Hi, get_collation_actual_version() in pg_locale.c currently excludes C.UTF-8 (and more generally C.*) from versioning, which makes pg_collation.collversion being empty for these collations.
char * get_collation_actual_version(char collprovider, const char *collcollate) { .... if (collprovider == COLLPROVIDER_LIBC && pg_strcasecmp("C", collcollate) != 0 && pg_strncasecmp("C.", collcollate, 2) != 0 && pg_strcasecmp("POSIX", collcollate) != 0) This seems to be based on the idea that C.* collations provide an immutable sort like "C", but it appears that it's not the case. For instance, consider how these C.UTF-8 comparisons differ between recent linux systems: U+1D400 = Mathematical Bold Capital A Debian 9.13 (glibc 2.24) => select 'A' < E'\U0001D400' collate "C.UTF-8"; ?column? ---------- t Debian 10.13 (glibc 2.28) => select 'A' < E'\U0001D400' collate "C.UTF-8"; ?column? ---------- f Debian 11.6 (glibc 2.31) => select 'A' < E'\U0001D400' collate "C.UTF-8"; ?column? ---------- f Ubuntu 22.04 (glibc 2.35) => select 'A' < E'\U0001D400' collate "C.UTF-8"; ?column? ---------- t So I suggest the attached patch to no longer exclude these collations from the generic versioning.
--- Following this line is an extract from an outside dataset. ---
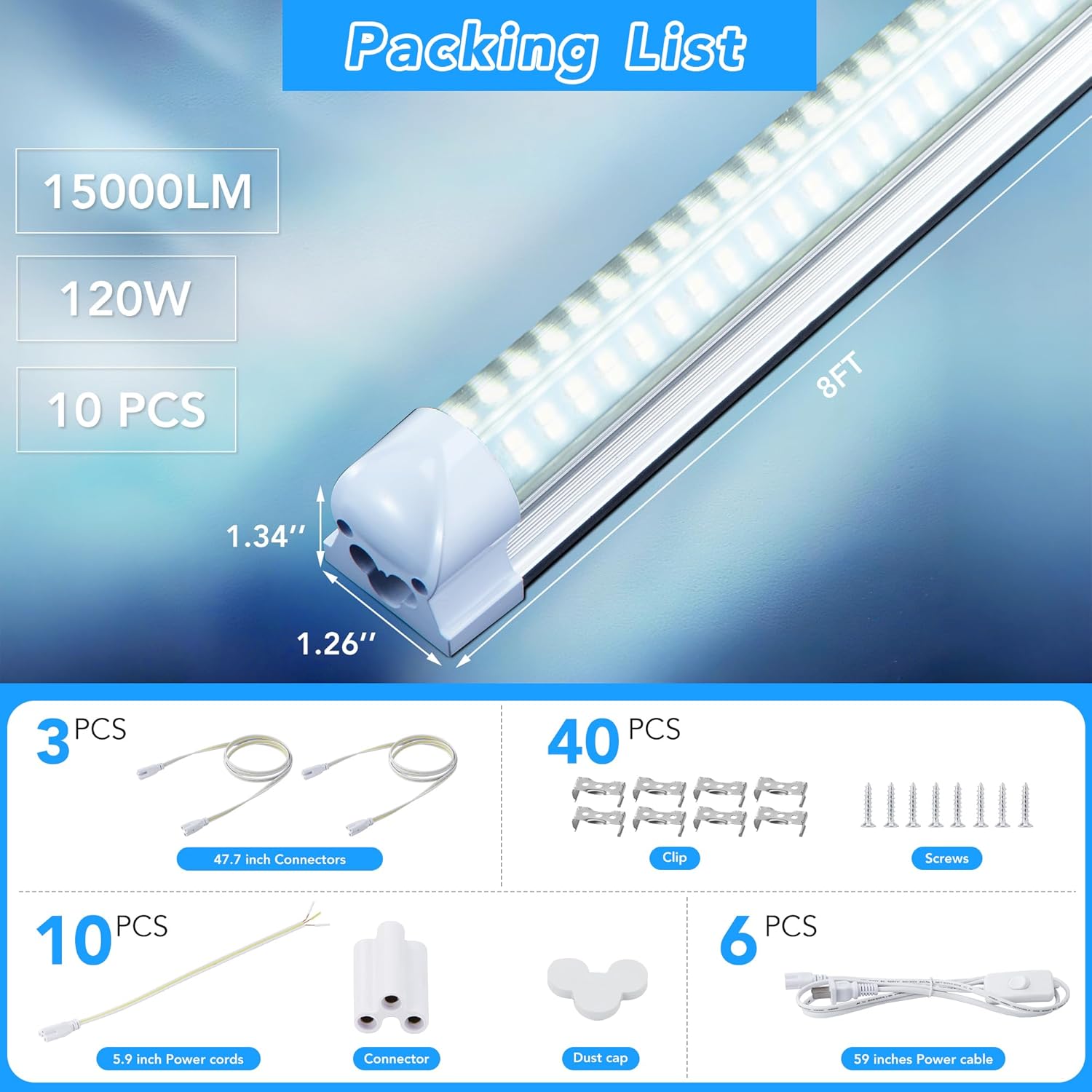 - [Ultra-Bright 270° V-Shape LED Shop Lights]Get commercial-grade brightness! Our 8FT LED lights feature 160LM/W & a 270° V-shape design for uniform, flicker-free daylight (6000-6500K). Perfect garage led lights or workshop led light fixture, illuminating every corner. Outshines fluorescents, slashes energy costs.

Best regards, -- Daniel Vérité https://postgresql.verite.pro/ Twitter: @DanielVerite
diff --git a/src/backend/utils/adt/pg_locale.c b/src/backend/utils/adt/pg_locale.c index 092b620673..dd9c3a0c10 100644 --- a/src/backend/utils/adt/pg_locale.c +++ b/src/backend/utils/adt/pg_locale.c @@ -1727,7 +1727,6 @@ get_collation_actual_version(char collprovider, const char *collcollate) #endif if (collprovider == COLLPROVIDER_LIBC && pg_strcasecmp("C", collcollate) != 0 && - pg_strncasecmp("C.", collcollate, 2) != 0 && pg_strcasecmp("POSIX", collcollate) != 0) { #if defined(__GLIBC__)